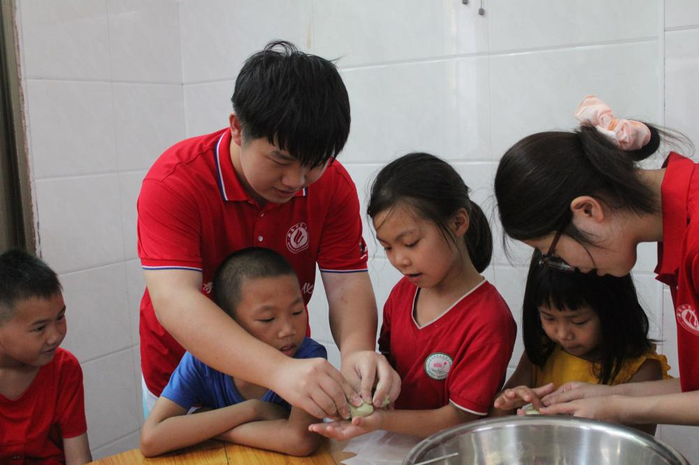 分组环节中,孩子们迅速组队,每组由一名志愿者全程辅导。揉面时的欢声笑语、包馅时的专注神情、创意馅料搭配时的热烈讨论,让厨房变成了充满活力的课堂。创意比拼环节里,有的小组用双色馅料摆出笑脸造型,有的将红豆沙捏成星星形状,孩子们的奇思妙想让传统美食焕发新意。
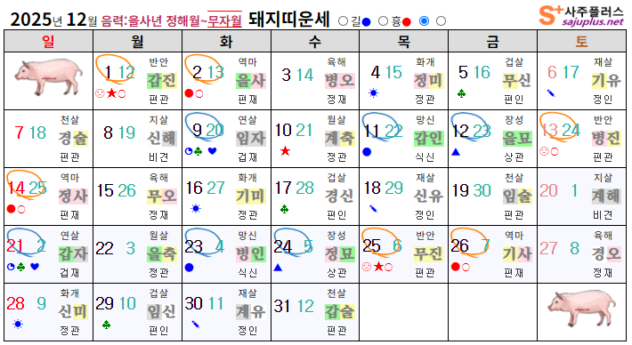 ▸돼지띠생 신살 (양력 12월 일진)
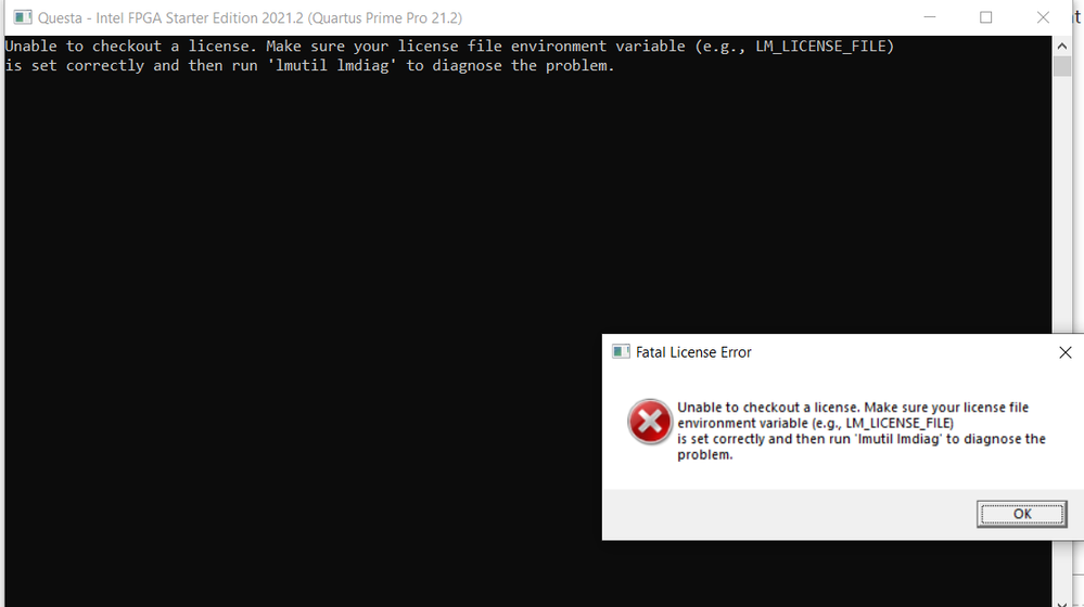 - Setup the LM_LICENSE_FILE location properly in Quartus License Setup
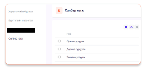 Хэрэв танай байгууллага салбар нэгжтэй ба уг салбар нэгж тус бүр зөвхөн өөрийн оруулсан цахим баримтыг л харах, удирдах шаардлагатай бол Салбар нэгж цэс дээр даран салбар нэгжүүдээ бүртгэж болно.
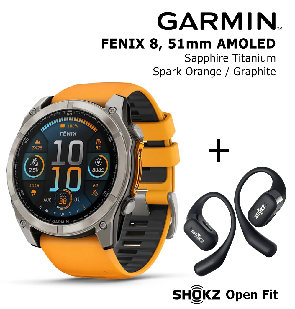 GARMIN Fenix 8 51 mm, AMOLED, Sapphire Titanium + SHOKZ Open Fit Black sports watch

______

* The task *
Give an exact copy of the data, and omit any pictures it holds.

* Task result *
 分组环节中,孩子们迅速组队,每组由一名志愿者全程辅导。揉面时的欢声笑语、包馅时的专注神情、创意馅料搭配时的热烈讨论,让厨房变成了充满活力的课堂。创意比拼环节里,有的小组用双色馅料摆出笑脸造型,有的将红豆沙捏成星星形状,孩子们的奇思妙想让传统美食焕发新意。
 ▸돼지띠생 신살 (양력 12월 일진)
 - Setup the LM_LICENSE_FILE location properly in Quartus License Setup
 Хэрэв танай байгууллага салбар нэгжтэй ба уг салбар нэгж тус бүр зөвхөн өөрийн оруулсан цахим баримтыг л харах, удирдах шаардлагатай бол Салбар нэгж цэс дээр даран салбар нэгжүүдээ бүртгэж болно.
 GARMIN Fenix 8 51 mm, AMOLED, Sapphire Titanium + SHOKZ Open Fit Black sports watch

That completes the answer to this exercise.